Over the centuries, there have been numerous art periods and countless movements that have each inspired future artists to change the way they approach their work. Some art movements might not have had a big impact at the time, but they greatly changed the landscape of modern art and influenced the way that artists work today. So, in order to understand the art industry in the 21st century, we’re looking back over the decades to pinpoint which movements were most important to modern art. And we’re starting at the end of the 19th century…
If you’ve ever been in a stately home and seen the portraits of lords, ladies and royalty on the walls, you can imagine what the art scene looked like before Impressionism began. It was full of dark, muted colours and realistic imagery. The eyes of the portraits are so real that they seem to follow you around, don’t they? Well, when impressionism began in the late 19th century, all that went out of the window.
Painters used brighter colours, tried to capture natural light and used their brushstrokes to show movement. They aimed to create an ‘impression’ of the scene rather than a realistic replica. Influential painters from this movement include Monet, Renoir and Sisley. The brighter colours they used, and their more fluid way of painting influenced the next art movement Post-Impressionism (the period in which Van Gogh, Cézanne and Gauguin found fame) showing that the art industry was never quite the same again after the Impressionist period.
Gustave Caillebotte - Paris Street; Rainy Day
During the years between the two world wars, Surrealism was born. The style was more realist than the Cubist and Impressionist periods before it. The subject was painted perfectly accurately, yet completely unbelievably. Imagine Salvador Dali’s melting clocks or René Magritte’s stately-home-esque portraits. They’re beautifully painted in those traditional muted colours, but the subject has been distorted until it makes no sense at all. This art movement aimed to capture a dreamlike state where the image was symbolic, and anything was possible. This rule-free style influenced the future of art, leading to the entirely non-figurative work of Abstract painters.
René Magritte - Golconda
Taking bright colours and dabs of paint from the Impressionists, and inspired by the Surrealists’ aim of capturing emotion, painters from the Abstract Expressionist movement focused entirely on the process of creating the painting. With artists such as Jackson Pollock drizzling paint onto a canvas and Rothko’s bold brushstrokes with a large decorating brush, the finished image couldn’t be planned in advance. It’s spontaneous, colourful and rarely shows any kind of subject image. This art movement took place in the middle of the 20th Century, around same the time that people were becoming more design-aware and homes were being decorated in brighter colours and bold patterns.
Arshile Gorky working on "Modern Aviation"
It wasn’t long before the exciting colours of Impressionism and the realist-yet-warped influences of Surrealism led to the Pop Art movement. In fact, Pop Artists were rebelling against Abstract Expressionism by creating figurative images with bold outlines and intentional designs. This art period took place in the 50s and 60s, so it looked to the flourishing advertising industry for inspiration.

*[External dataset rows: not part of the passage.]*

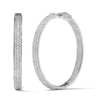 Diamond pavé detail inside and out for dazzle you're dreaming of, with the same classic appeal you can't get enough of.4.00twt round diamonds are hand-set in lustrous 18k white gold for a bold, beautiful and timeless 40mm hoop. Secured to the ears by a lever back closure.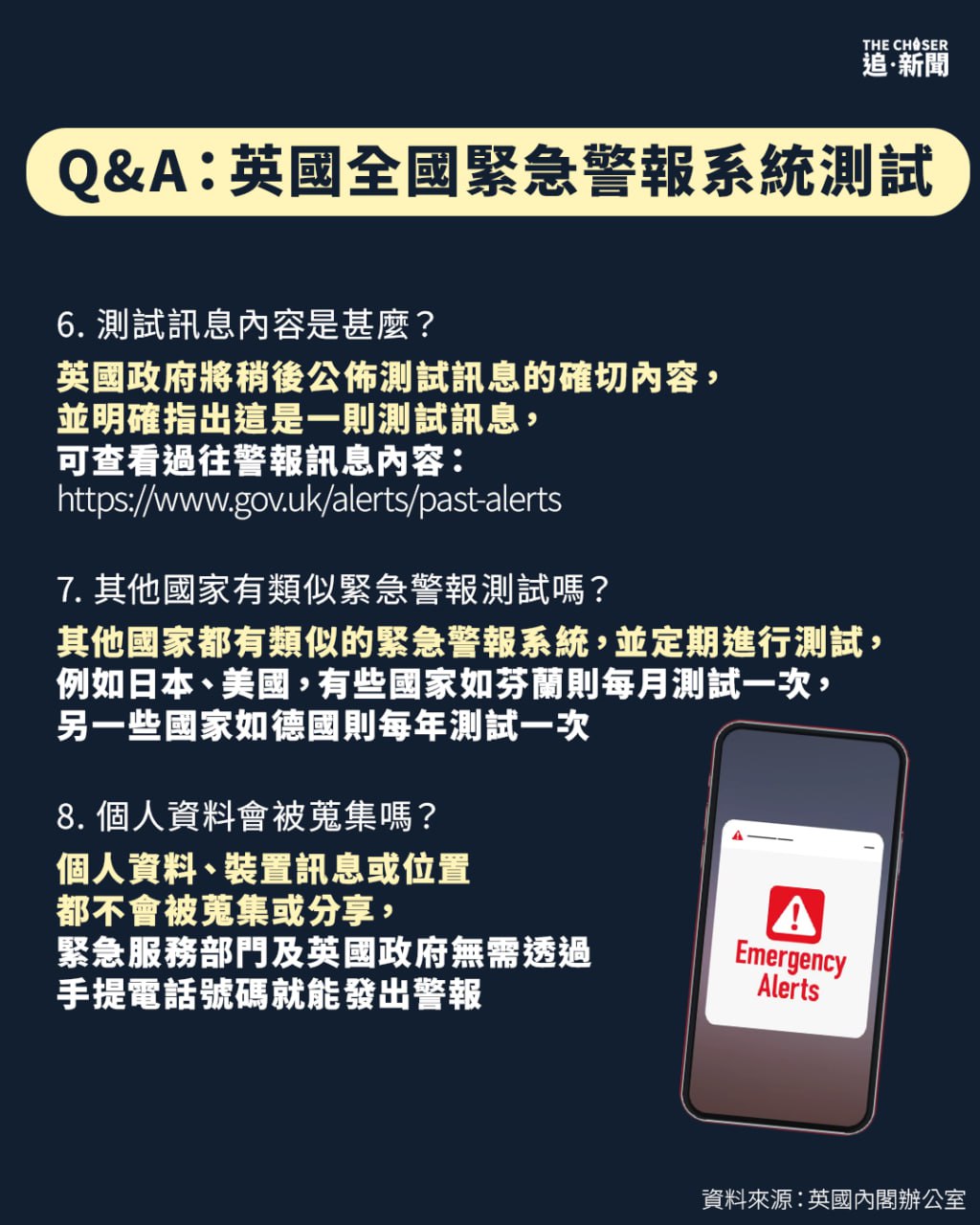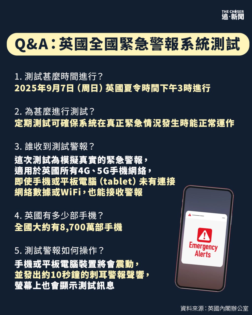 今年適逢倫敦七七爆炸案20年,英國周一(7日)舉辦多場紀念活動,內閣辦公室同日宣佈全國緊急警報測試將於9月7日下午3時進行,屆時預計8,700萬部手機、平板電腦、智能手錶同時響起警報,即使裝置設定「靜音」模式,在沒有數據網絡或WiFi的情況下,仍會發出震動並響起約10秒的刺耳警報,螢幕隨即彈出訊息,提醒只是測試,無需採取任何行動。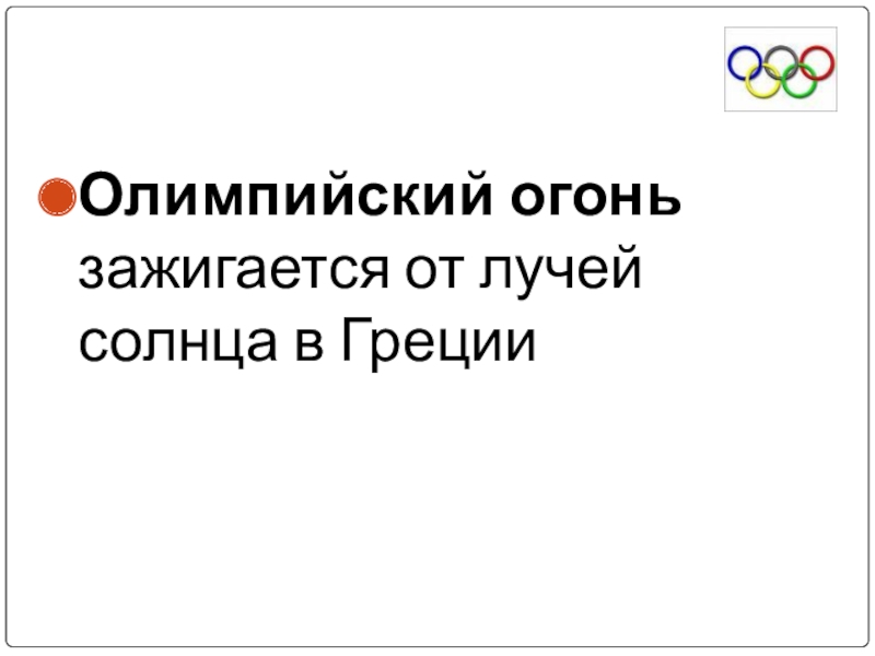 Слайд 13Олимпийский огонь зажигается от лучей солнца в Греции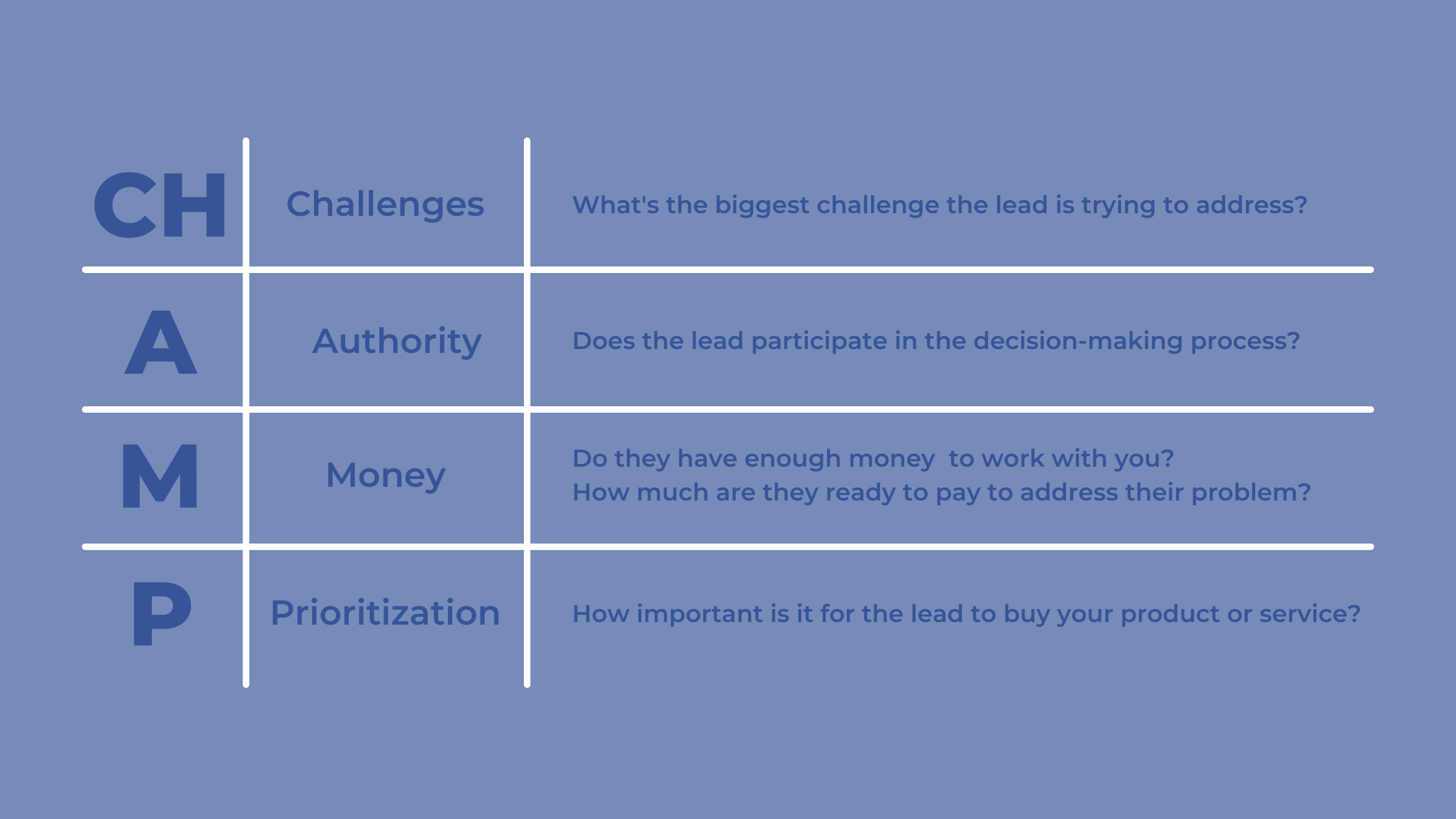CHAMP stands for Challenges, Authority, Money, and Prioritization.
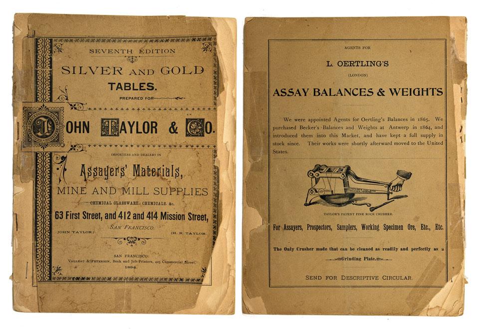 Seventh edition, "Silver and Gold Tables, Prepared for John Taylor & Co. Importers and Dealers in Assayers' Materials, Mine and Mill Supplies, Chemical Glassware, Chemicals, &c." Address of "63 First Street, and 412 and 414 Mission Street, San Francisco" below title on cover. Printers: San Francisco, Valleau & Peterson, Book and Job Printers, 425 Commercial Street, 1894." Softcover, 46 pages, including several interesting advertisements and illustrations. Prepared by Taylor & Co. Properties of Silver and Gold and Notes to Silver and Gold Tables included. The preface notes that "The Gold Table is calculated to half fineness, which will be found of great convenience to many," while it also states that "We think other desireable articles will be found described on looking through our illustrated catalogue (mailed free on application). Being in daily communication with the leading foundries here, any information about mining machinery will be freely given, prices will be submitted and orders placed if desired on the best terms. See our list of text books; many new ones are added. John Taylor & Co." Measures 7" x 9 1/4", with front and back covers secured by tape. Much of right and left edge of front cover has been removed, along with the right edge of the title page. Both the right and left edges of the back cover are also missing. Aside from that, the pages themselves are very fine.
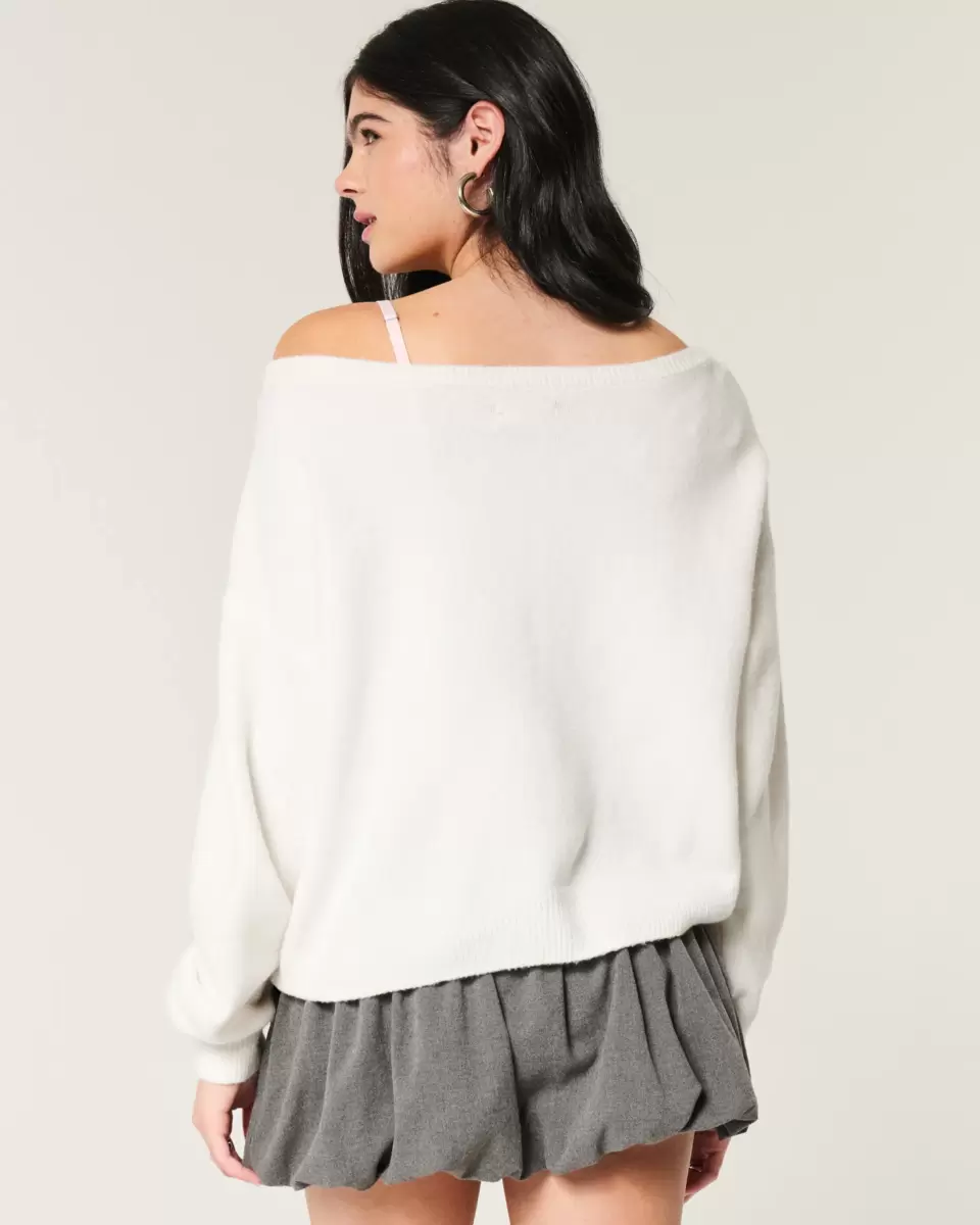 Hollister Comfy Cloud Easy Off-the-Shoulder Deer Graphic Sweater

Posters, books, film and television all played a part in the movement. Pop Art artists such as Warhol and Lichtenstein were inspired to create graphic, design-led, factory-produced artworks. Their subjects were mass-culture icons like celebrities, comic books and even everyday items like tins of soup. The movement was extremely important in shaping the art industry today, as the influence of the Pop Art style can be seen in the subsequent Minimalism, Postmodernism, Street Art, Toyism, Young British Artists and Digital Art movements.